Form 8-K

 

 

UNITED STATES

SECURITIES AND EXCHANGE COMMISSION

Washington, D.C. 20549

 

 

FORM 8-K

 

 

CURRENT REPORT

Pursuant to Section 13 or 15(d)

of the Securities Exchange Act of 1934

Date of Report (Date of earliest event reported) November 6, 2018

 

 

XOMA CORPORATION

(Exact name of registrant as specified in its charter)

 

 

 

000-14710   Delaware   52-2154066

(Commission

File Number)

 

(State or other jurisdiction

of incorporation)

 

(IRS Employer

Identification No.)

 

2200 Powell Street, Suite 310, Emeryville, California   94608
(Address of principal executive offices)   (Zip Code)

Registrant’s telephone number, including area code (510) 204-7200

(Former name or former address, if changed since last report.)

 

 

Check the appropriate box below if the Form 8-K filing is intended to simultaneously satisfy the filing obligation of the registrant under any of the following provisions (see General Instruction A.2. below):

 

Written communications pursuant to Rule 425 under the Securities Act (17 CFR 230.425)

 

Soliciting material pursuant to Rule 14a-12 under the Exchange Act (17 CFR 240.14a-12)

 

Pre-commencement communications pursuant to Rule 14d-2(b) under the Exchange Act (17 CFR 240.14d-2(b))

 

Pre-commencement communications pursuant to Rule 13e-4(c) under the Exchange Act (17 CFR 240.13e-4(c))
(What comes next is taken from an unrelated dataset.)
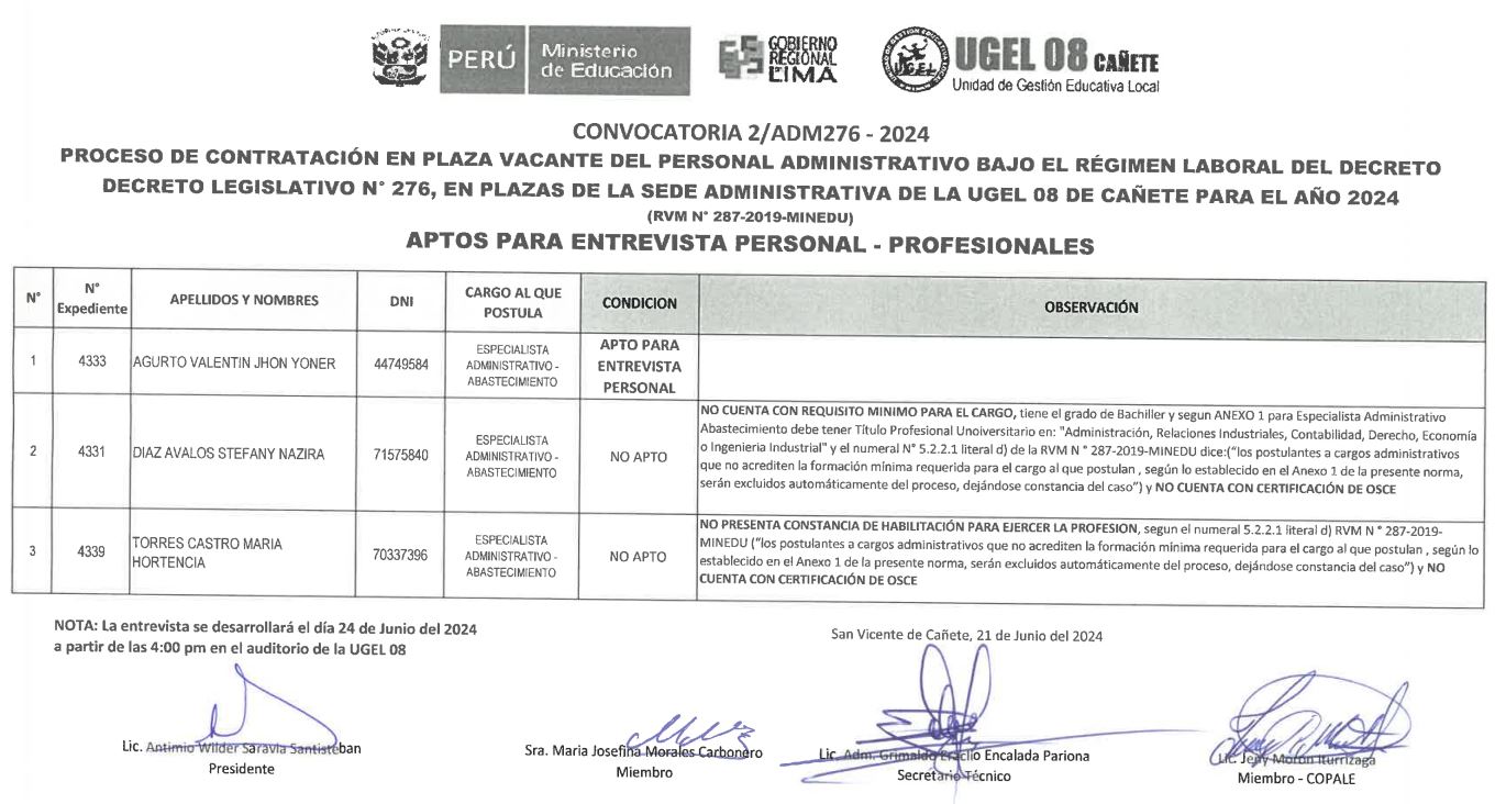 Vie, 21 de junio, 2024 San Vicente Cañete.PROCESO DE CONTRATACIÓN EN LA PLAZA VACANTE DEL PERSONAL ADMINISTRATIVO BAJO EL REGIMEN LABORAL DEL DECRETO LEGISLATIVO 276.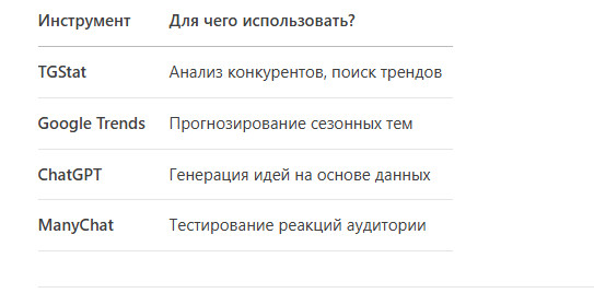 - Проанализировать топ-5 каналов в нише (что нового они тестируют?).

Indicate by check mark whether the registrant is an emerging growth company as defined in Rule 405 of the Securities Act of 1933 (§ 230.405 of this chapter) or Rule 12b-2 of the Securities Exchange Act of 1934 (§ 240.12b-2 of this chapter).

Emerging growth company  ☐

If an emerging growth company, indicate by check mark if the registrant has elected not to use the extended transition period for complying with any new or revised financial accounting standards provided pursuant to Section 13(a) of the Exchange Act.  ☐

 

 

 


Item 1.01 Entry into a Material Definitive Agreement

On November 6, 2018, XOMA Corporation (“XOMA” or the “Company”) entered into an Investment Agreement with certain affiliates of BVF Partners L.P. (“BVF”), an existing stockholder of the Company, (the “Investment Agreement”). Pursuant to the Investment Agreement, BVF agreed to purchase shares of the Company’s Series Y Preferred Stock, $0.05 par value per share, having an aggregate value equal to the value of all shares (if any) offered but not purchased pursuant to the exercise of rights in the Company’s rights offering, including any exercise of rights by BVF (the “Rights Offering”), up to $20,000,000 (the “Backstop Commitment”). The Investment Agreement contains customary representations, warranties and covenants by the parties.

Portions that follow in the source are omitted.